#### Required action:
Return the lines of the data below starting at the one holding "德龙激光:融资净偿还460.87万元,融资余额1.09亿元(12-16)" and ending at the one holding "濕法生產(chǎn)線:拌粉", word for word, leaving every picture out.

#### Given information:
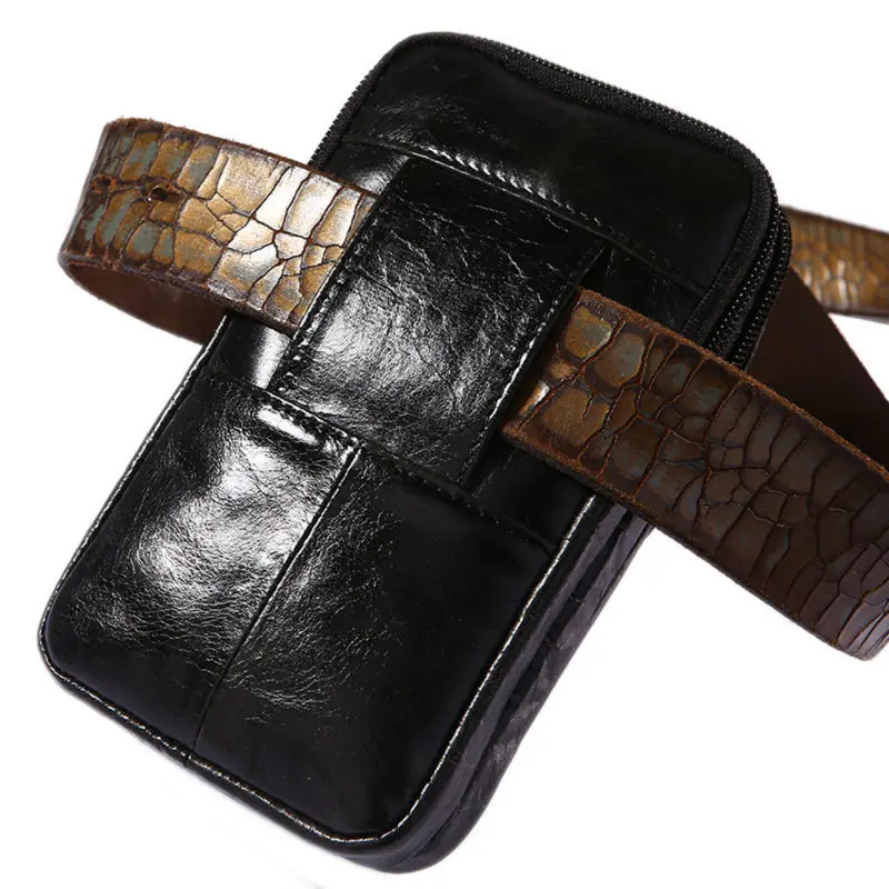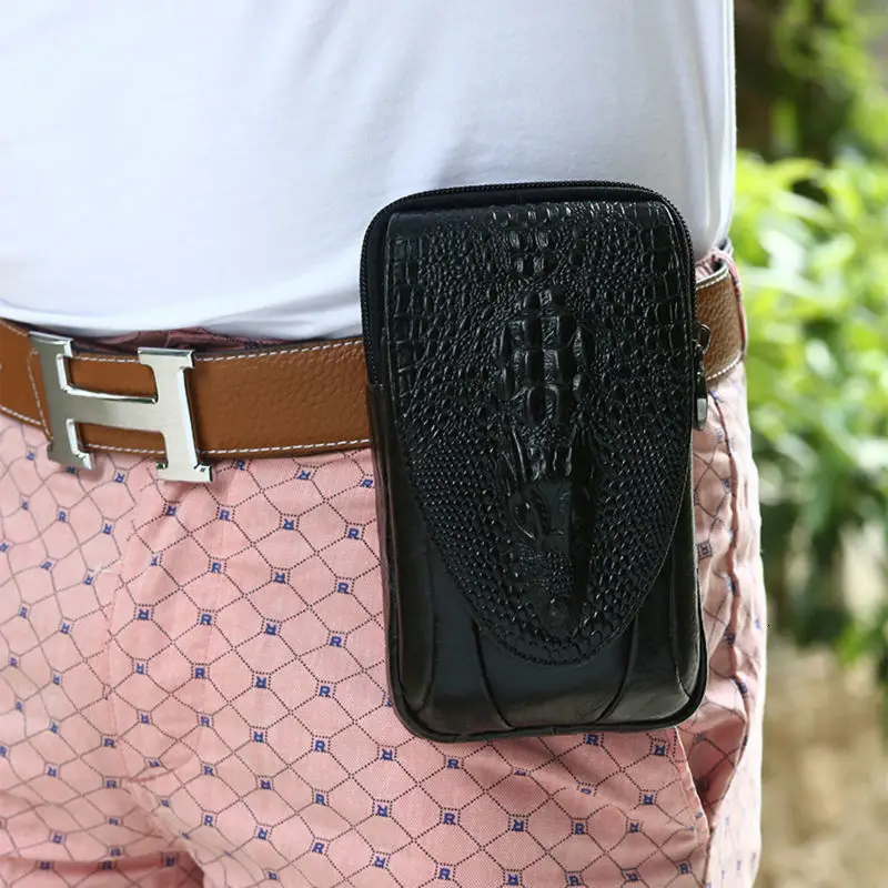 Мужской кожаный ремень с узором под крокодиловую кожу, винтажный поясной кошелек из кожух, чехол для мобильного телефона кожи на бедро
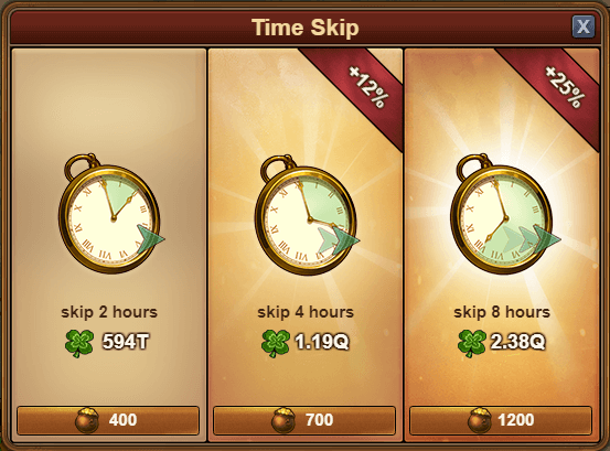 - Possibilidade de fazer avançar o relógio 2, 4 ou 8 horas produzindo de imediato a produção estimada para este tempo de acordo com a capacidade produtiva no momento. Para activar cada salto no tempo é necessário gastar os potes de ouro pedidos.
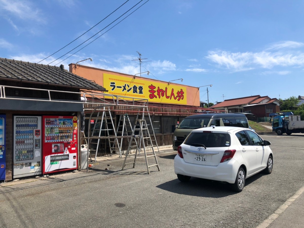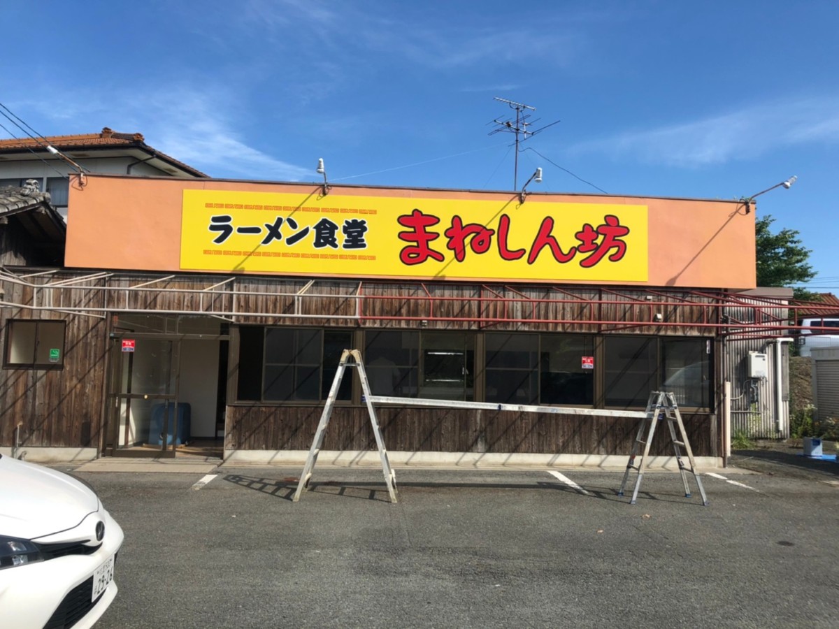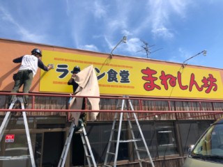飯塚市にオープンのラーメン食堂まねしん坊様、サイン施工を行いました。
---
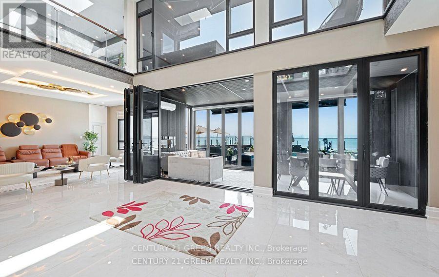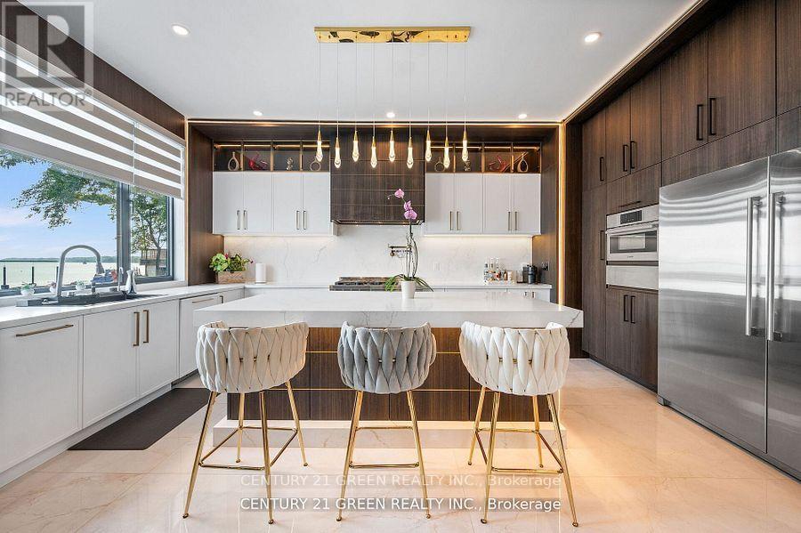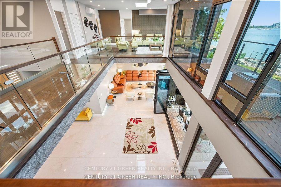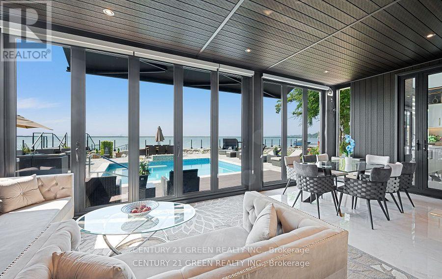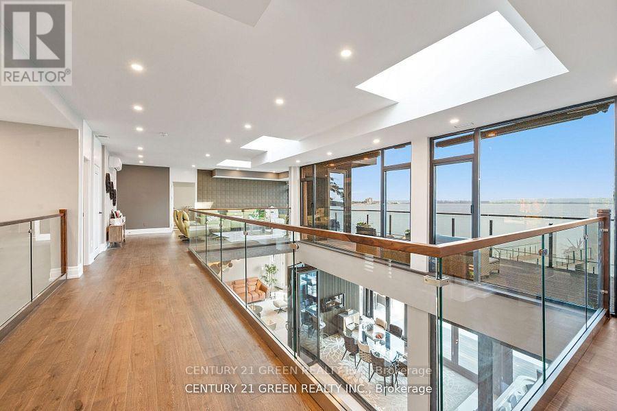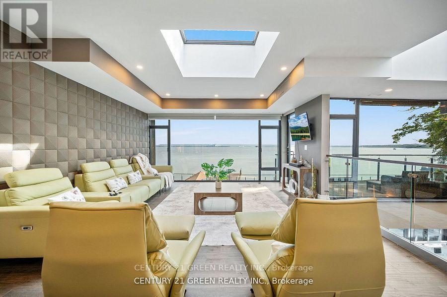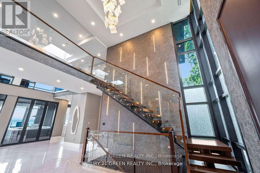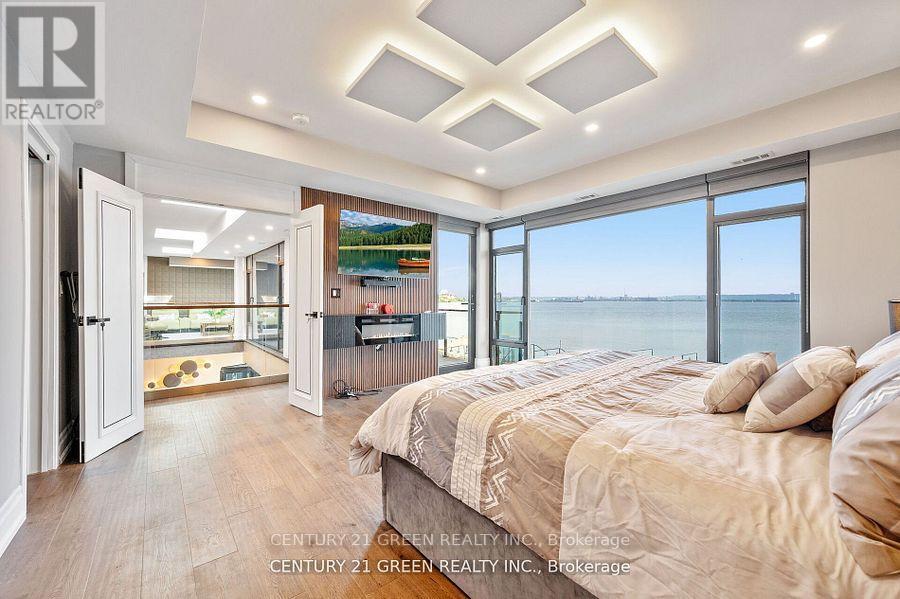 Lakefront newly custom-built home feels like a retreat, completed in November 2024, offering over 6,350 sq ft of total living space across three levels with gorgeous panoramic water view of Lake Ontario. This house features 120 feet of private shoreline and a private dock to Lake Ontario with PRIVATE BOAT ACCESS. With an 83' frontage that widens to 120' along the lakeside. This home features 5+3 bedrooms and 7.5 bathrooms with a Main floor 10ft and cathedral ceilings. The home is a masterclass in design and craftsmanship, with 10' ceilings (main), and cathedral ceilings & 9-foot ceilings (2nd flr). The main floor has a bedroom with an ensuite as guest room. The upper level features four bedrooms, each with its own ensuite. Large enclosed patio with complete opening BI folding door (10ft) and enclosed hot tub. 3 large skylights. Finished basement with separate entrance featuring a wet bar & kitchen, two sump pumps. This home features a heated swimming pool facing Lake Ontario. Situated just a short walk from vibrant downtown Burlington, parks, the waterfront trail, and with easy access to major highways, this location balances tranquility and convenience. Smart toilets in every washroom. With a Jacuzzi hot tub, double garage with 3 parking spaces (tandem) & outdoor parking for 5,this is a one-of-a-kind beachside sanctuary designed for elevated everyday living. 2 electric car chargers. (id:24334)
---
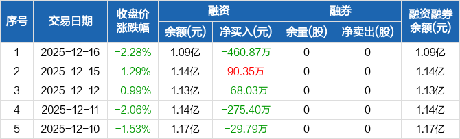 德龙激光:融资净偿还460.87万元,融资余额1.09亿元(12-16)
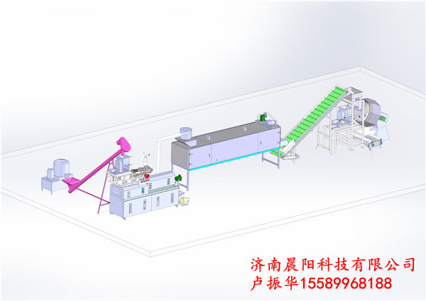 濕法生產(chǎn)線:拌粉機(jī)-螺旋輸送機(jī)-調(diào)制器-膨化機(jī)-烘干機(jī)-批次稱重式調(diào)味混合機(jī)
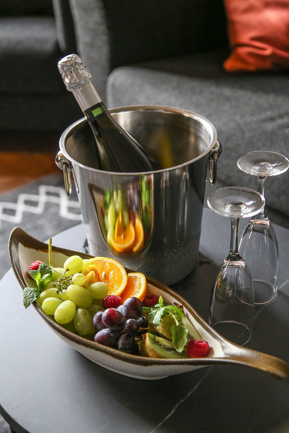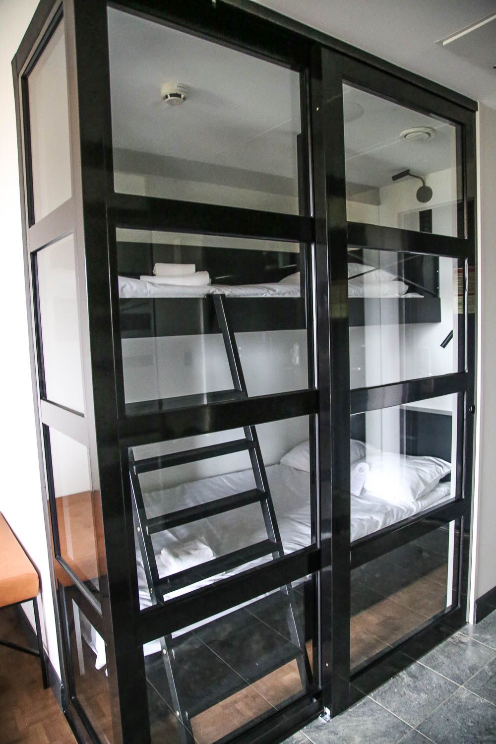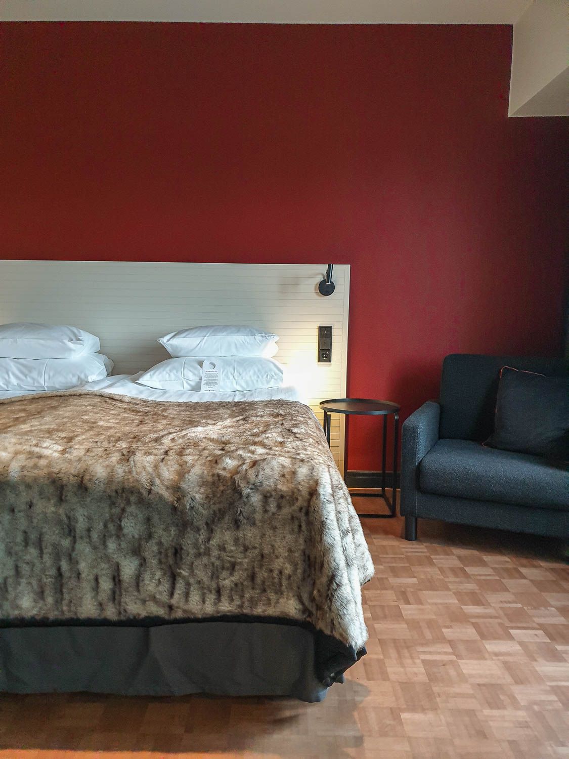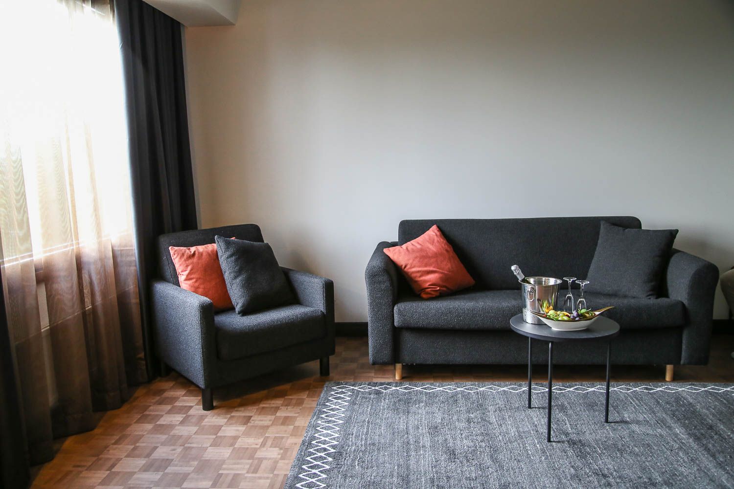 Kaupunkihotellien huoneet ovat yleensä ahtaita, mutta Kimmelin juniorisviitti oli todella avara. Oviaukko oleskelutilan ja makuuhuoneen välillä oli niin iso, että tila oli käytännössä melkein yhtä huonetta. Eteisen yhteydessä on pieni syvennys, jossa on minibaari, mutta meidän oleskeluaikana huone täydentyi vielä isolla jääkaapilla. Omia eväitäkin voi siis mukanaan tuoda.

#### Result of this exercise:
 德龙激光:融资净偿还460.87万元,融资余额1.09亿元(12-16)
 濕法生產(chǎn)線:拌粉機(jī)-螺旋輸送機(jī)-調(diào)制器-膨化機(jī)-烘干機(jī)-批次稱重式調(diào)味混合機(jī)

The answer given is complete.